If it's the strike I'm thinking of, it would be 'kupin sonmok chigi' (bent wrist strike).  

We do a variation where the strike is into an open palm, as if you were holding a target (head/neck f'rinstance) in place with one hand, and bringing the strike into it.  This is 'kupin sonmok pyojeok chigi', or bent wrist target strike


----------



## charyuop (Feb 23, 2007)

kidswarrior said:


> Actually, this is standard fare in the Shaolin Kempo I studied. Called oxjaw strike, and it definitely is with the end of the forearm bone, not the wrist (as flashlock said, fingertips are pinched together--as a crane's beak--and pointed away from strike). This is a powerful strike. Some good targets already mentioned, but there are many. I've found it's good to any soft target: abdomen and trunk (especially as you're stepping past /countering), even good as horizontal strike to arms, legs, and works well as, with bent elbow, you go up and quickly circle back down straight onto collar bone or shoulder (or nose, of course)--hard to block for boxer/street fighter types because they really aren't expecting a quick blow from above. If you get a chance to try this, let me know if it works as well for you.


 
I didn't think about mentioning the finger closed. I always figured the "hook" one of the main characteristics in Tai Chi. It is often used not only to strike, but also to connect. Sometimes hooking is better than grabbing coz it gives more quick options than a more static situation where you grab the wrist of the opponent. I didn't find any video of the application, but I have the pictures of the online classes of Tai Chi that got me close to the Art, before I found a Sifu near me.
In the first one you can see the hook used to hit the arm pit, one of those considered the way to the heart, but can be used to other part of the body as well. In the second one you can see how the hook is used to connect to the opponent instead of the fist. That way you don't have to waste time to release the wrist if you need you hand (for example in case of another opponent coming from the other side, you have the hook ready to strike or the hand available to defend). In the third one you can better what I was talking about. Using the hook to redirect the opponent and while he/she lost the balance using the same hook to go back into the opponent and strike.
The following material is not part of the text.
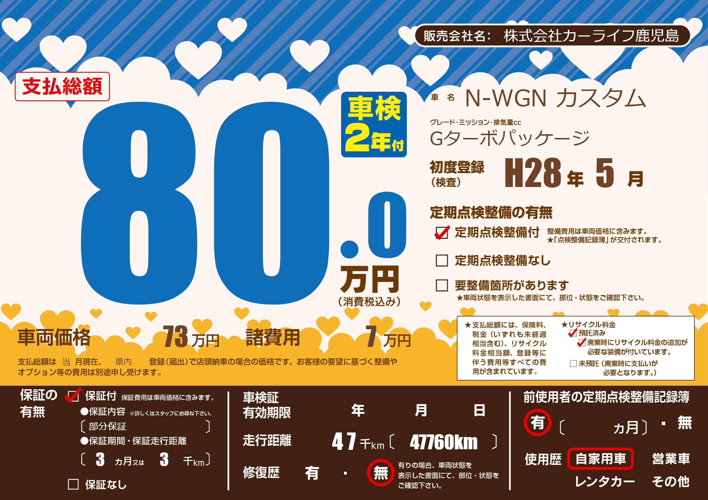 | 車名 | N-WGN カスタム | グレード ミッション 排気量 |

http://www.gilmanstudio.com/OnLine_Class/Lesson08.htm
http://www.gilmanstudio.com/OnLine_Class/Lesson34.htm
http://www.gilmanstudio.com/OnLine_Class/Lesson65.htm

Of course these are just few cases, coz as we all know application for kata/forms can be basically limitless.


----------



## MJS (Feb 23, 2007)

crushing said:


> I've been reading about various types of hand strikes and the strike with the top of the wrist aka koken uchi came up. We've even practiced this kind of strike in class before.
> 
> I don't know that I would ever apply this strike in a real, or even sparring type situation, but maybe that is because I don't fully understand or appreciate it. It seems that it would put your wrist at too much rist.
> 
> ...


 
There are a few techs. in the Kenpo system that use this type of strike.  My prefered targets are under the chin, back of the head/neck area, and side of the face/head.  If I was going to do a groin strike, I think I'd lean more towards a palm rather than a bent wrist. 

Mike


----------